*Brief*: Your copy should repeat each record below exactly and contain no images.

*Provided entries*:
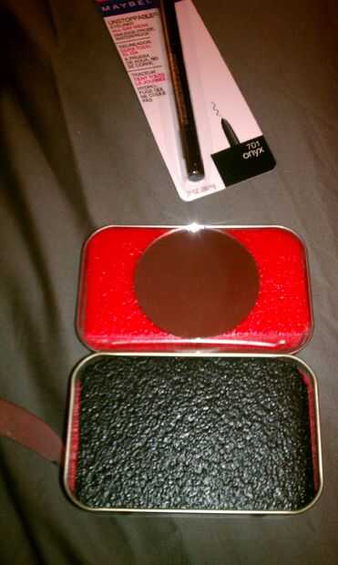 A continuación utilicé pegamento caliente para fijar las dos piezas en su lugar. Corté algunos trocitos de espuma negra para actuar como soportes para el espejo por lo que sería cerca de la misma altura que la espuma.
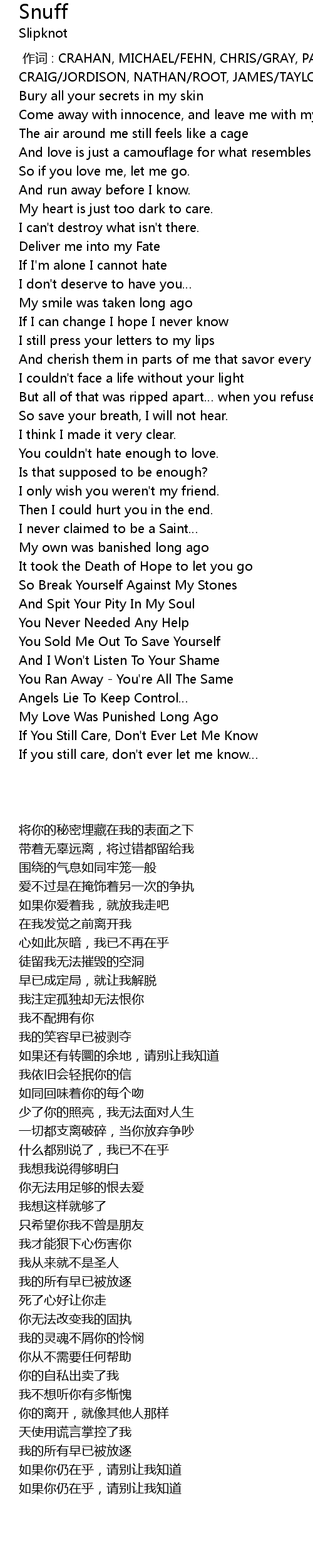 | [00:00.00] | 作词 : CRAHAN, MICHAEL/FEHN, CHRIS/GRAY, PAUL/JONES, CRAIG/JORDISON, NATHAN/ROOT, JAMES/TAYLOR, COREY/THOMS |
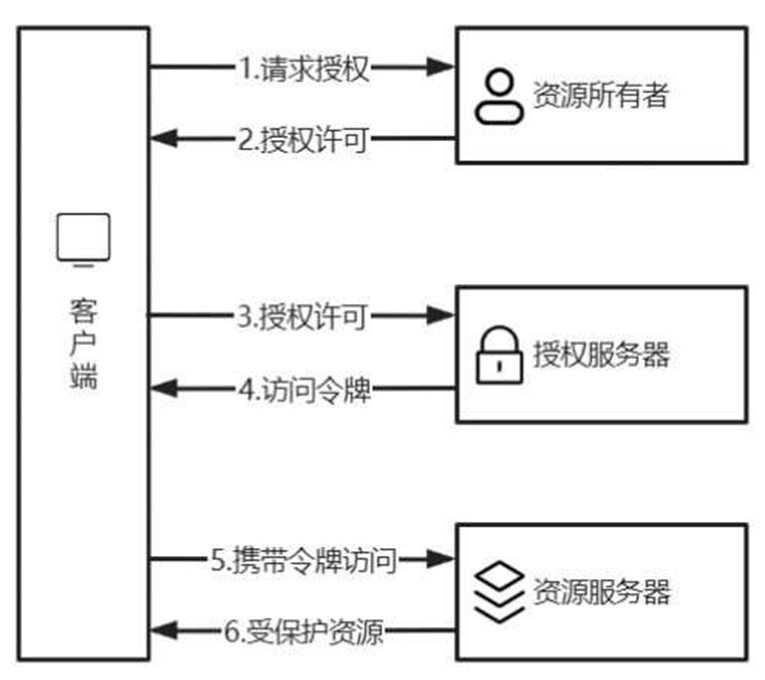 (1)客户端请求资源所有者的授权。(2)资源所有者同意授权,返回授权许可(Authorization
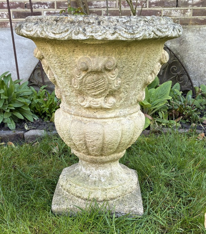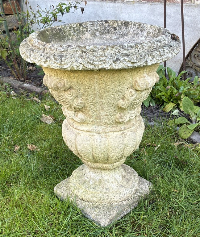 Karaktervolle Antieke Stenen Tuinvaas – Barokke Campana-stijl
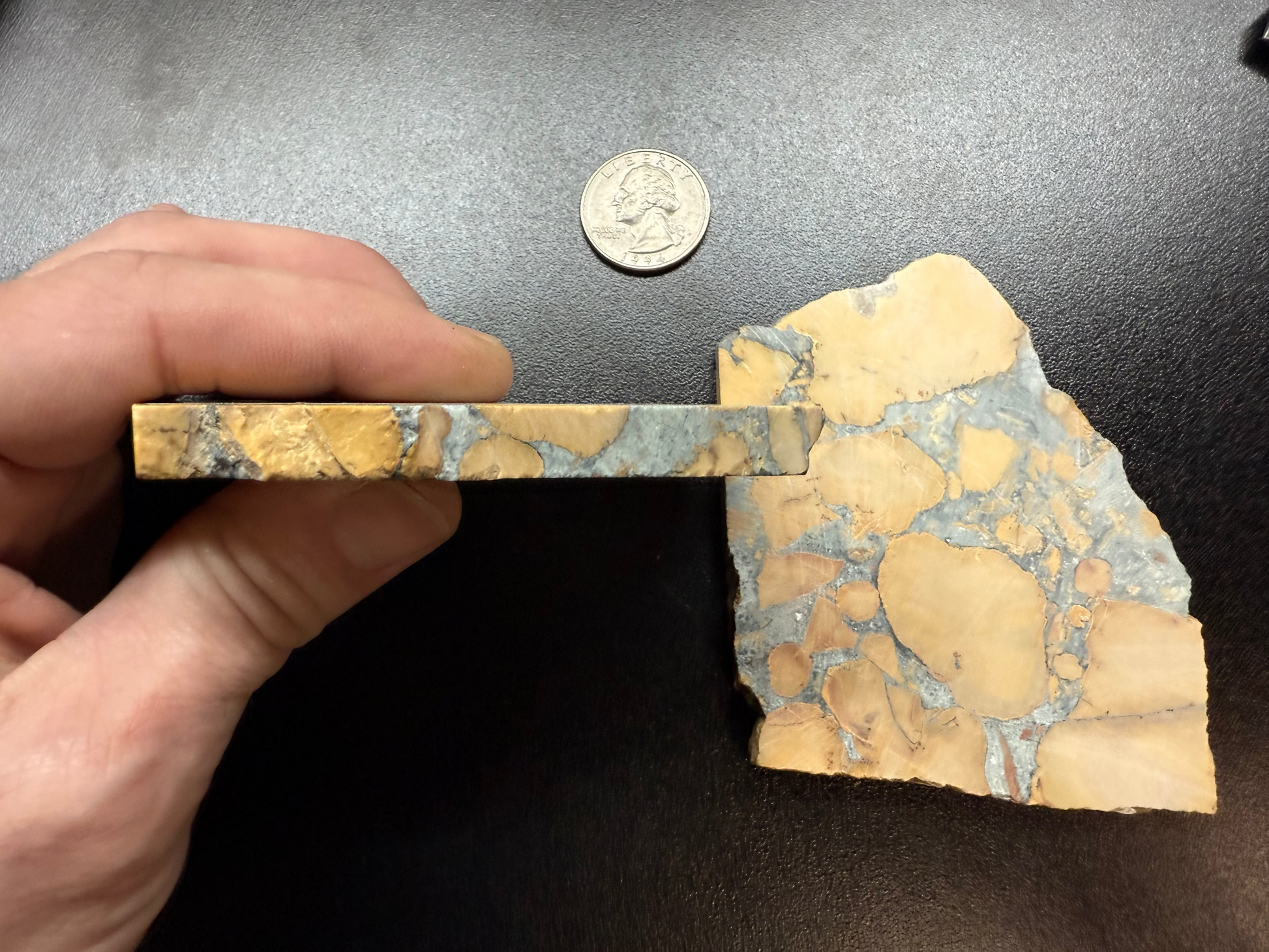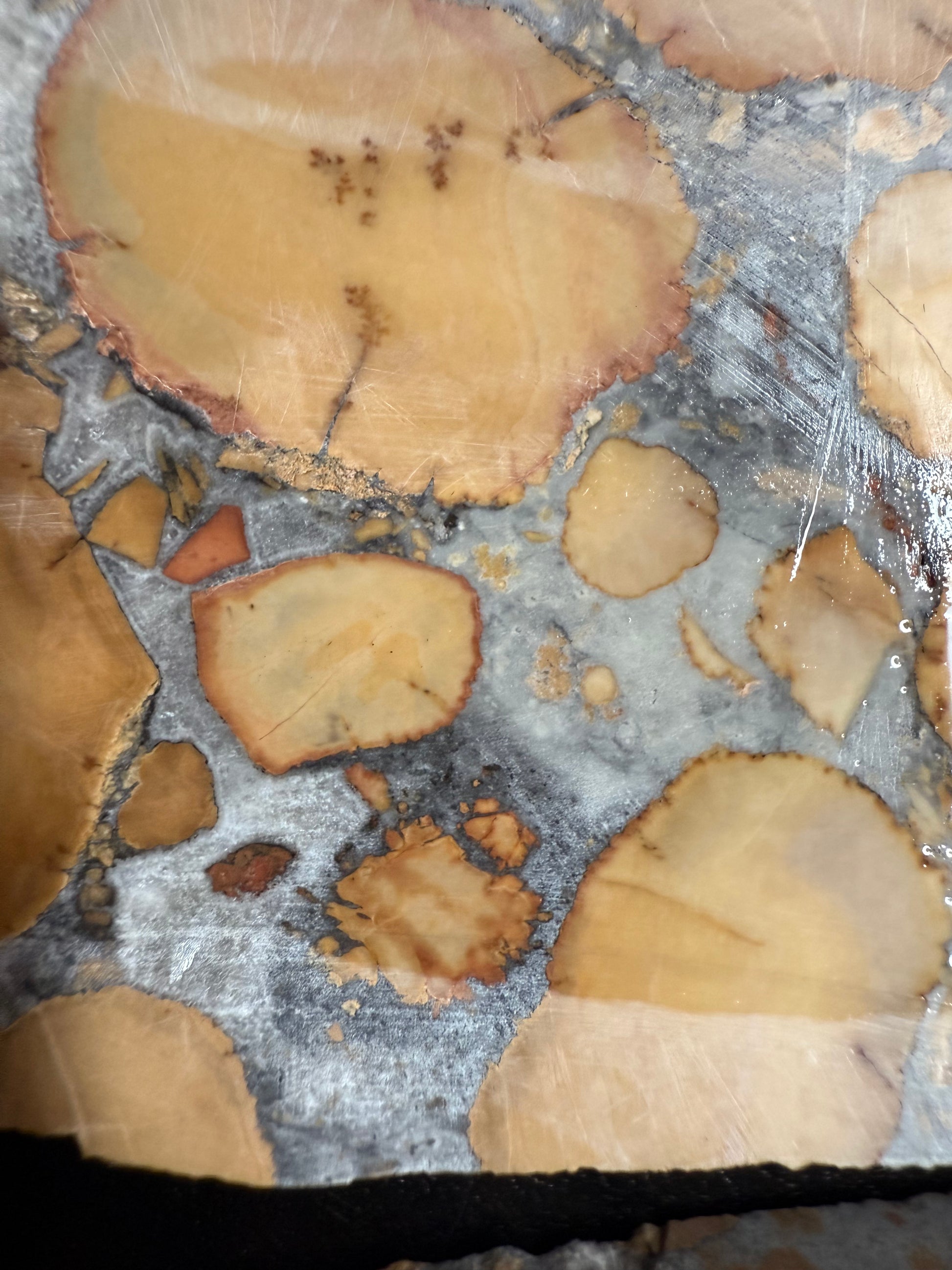 Awesome matched pair of maligano jasper slabs. I truly love this stuff, it takes an excellent polish and has awesome contrast between the brecciated yellow and gray quartz. These will make a couple of great matched sets of jewelry.
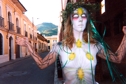 Exterior día. Plano medio de mujer con el torso pintado, corona de hojas y cintas verdes. Al fondo y en perspectiva se ve la arquitectura del centro de Cali y a la derecha el Centro Cultural del Municipio.Vale la pena apreciar el trabajo de pintura sobre el cuerpo que el mismo autor de la imagen realizó sobre la modelo.
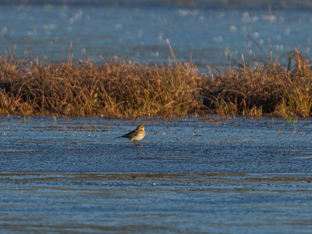 Mein Ziel waren heute eigentlich ein paar Pfeifenten und die Bergpieper die dort die letzten Tage gemeldet wurden. Pfeifenten konnte ich meiner Fotosammlung heute leider noch nicht hinzufügen. Dafür habe ich die Bergpieper auf der Kranichwiese gesehen. Leider auch weit weg. Für eine Belegaufnahme hat es aber wenigstens gereicht.
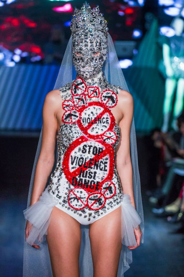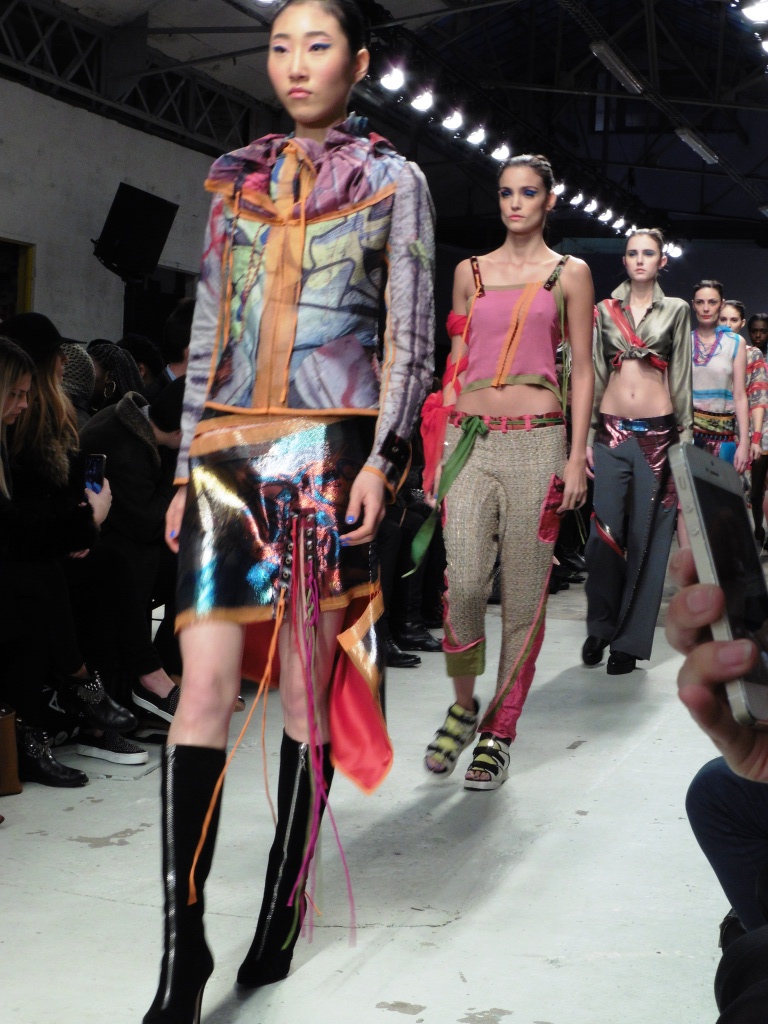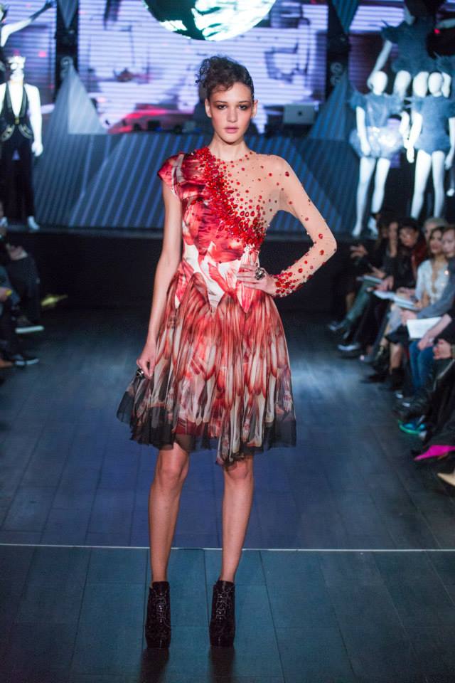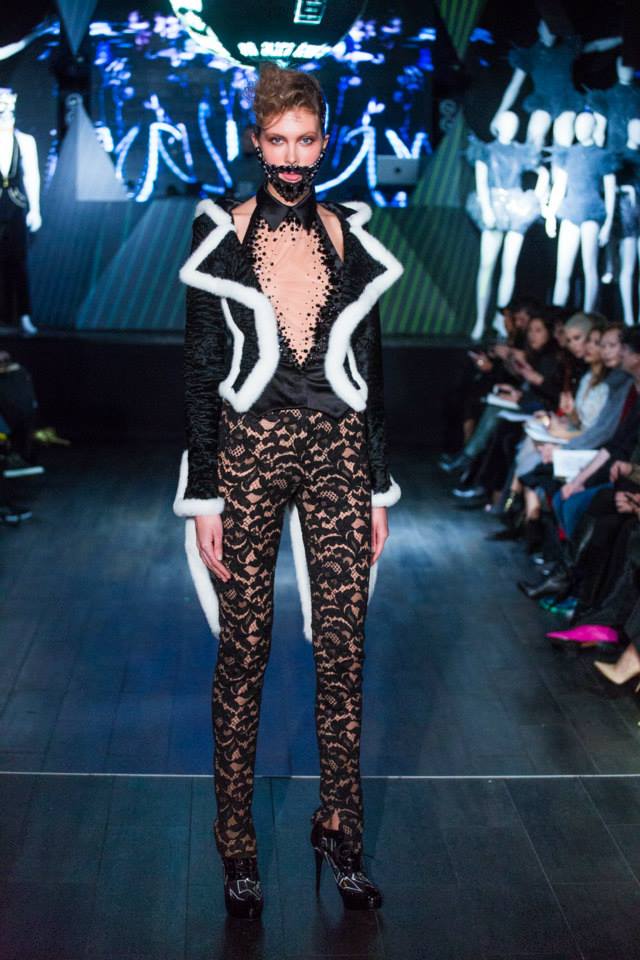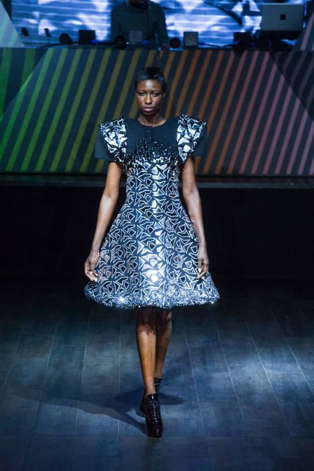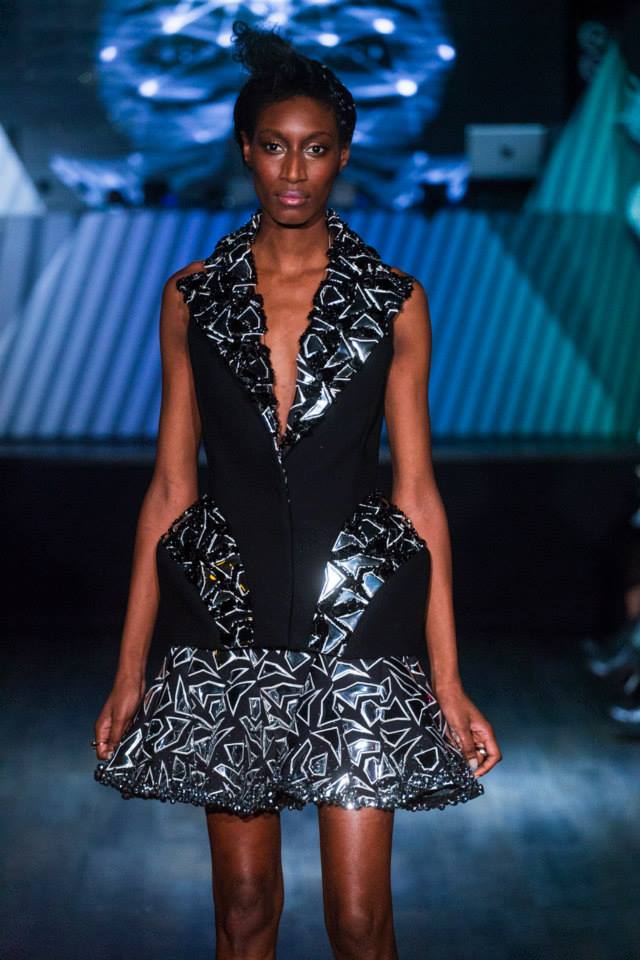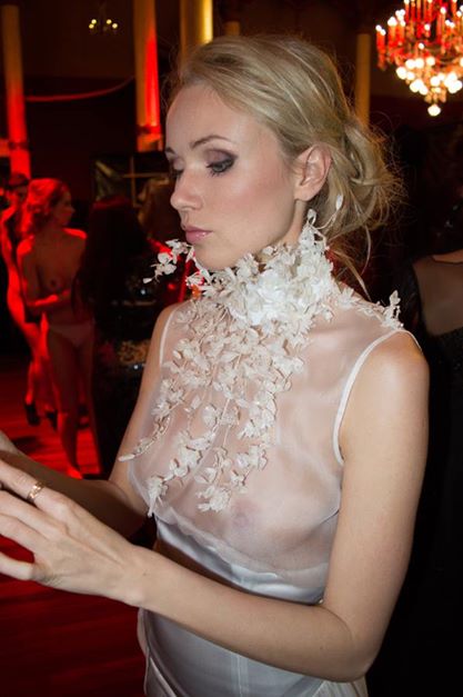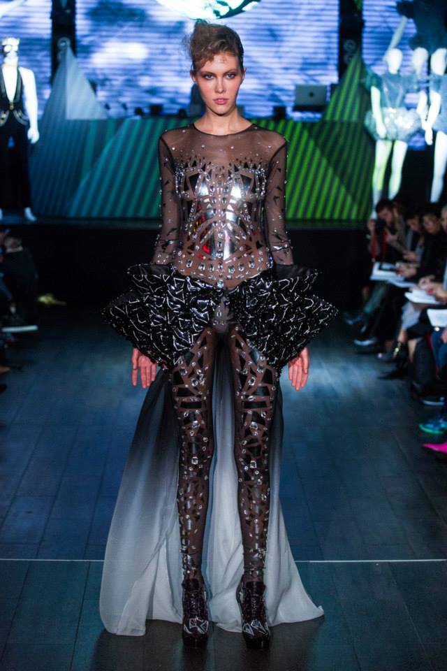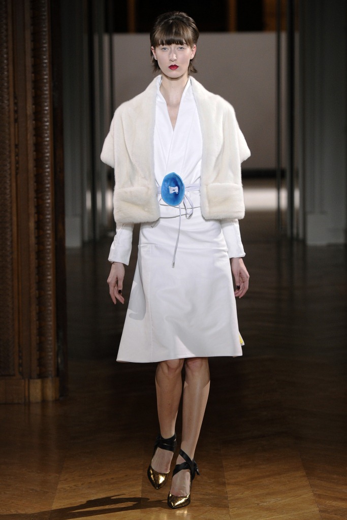 Défilé Alexandre Delima aux Salons France-Amériques: une collection qui bouscule certains codes de la haute couture. Robes longues ou non, mais aussi smoking, combinaison pantalon et short. Palette de couleurs tendre; opposition des ivoires à un noir profond. Transparence et opacité. Noblesse des tissus: crêpe-drap, gazar, organza, soie, chèvre velours. Capeline inspirée d’une casquette de basketteur portée sur une robe très féminine. On apprécie l’audace et cette élégance désinvolte toute en sensualité.

*The answer*:
 A continuación utilicé pegamento caliente para fijar las dos piezas en su lugar. Corté algunos trocitos de espuma negra para actuar como soportes para el espejo por lo que sería cerca de la misma altura que la espuma.
 | [00:00.00] | 作词 : CRAHAN, MICHAEL/FEHN, CHRIS/GRAY, PAUL/JONES, CRAIG/JORDISON, NATHAN/ROOT, JAMES/TAYLOR, COREY/THOMS |
 (1)客户端请求资源所有者的授权。(2)资源所有者同意授权,返回授权许可(Authorization
 Karaktervolle Antieke Stenen Tuinvaas – Barokke Campana-stijl
 Awesome matched pair of maligano jasper slabs. I truly love this stuff, it takes an excellent polish and has awesome contrast between the brecciated yellow and gray quartz. These will make a couple of great matched sets of jewelry.
 Exterior día. Plano medio de mujer con el torso pintado, corona de hojas y cintas verdes. Al fondo y en perspectiva se ve la arquitectura del centro de Cali y a la derecha el Centro Cultural del Municipio.Vale la pena apreciar el trabajo de pintura sobre el cuerpo que el mismo autor de la imagen realizó sobre la modelo.
 Mein Ziel waren heute eigentlich ein paar Pfeifenten und die Bergpieper die dort die letzten Tage gemeldet wurden. Pfeifenten konnte ich meiner Fotosammlung heute leider noch nicht hinzufügen. Dafür habe ich die Bergpieper auf der Kranichwiese gesehen. Leider auch weit weg. Für eine Belegaufnahme hat es aber wenigstens gereicht.
 Défilé Alexandre Delima aux Salons France-Amériques: une collection qui bouscule certains codes de la haute couture. Robes longues ou non, mais aussi smoking, combinaison pantalon et short. Palette de couleurs tendre; opposition des ivoires à un noir profond. Transparence et opacité. Noblesse des tissus: crêpe-drap, gazar, organza, soie, chèvre velours. Capeline inspirée d’une casquette de basketteur portée sur une robe très féminine. On apprécie l’audace et cette élégance désinvolte toute en sensualité.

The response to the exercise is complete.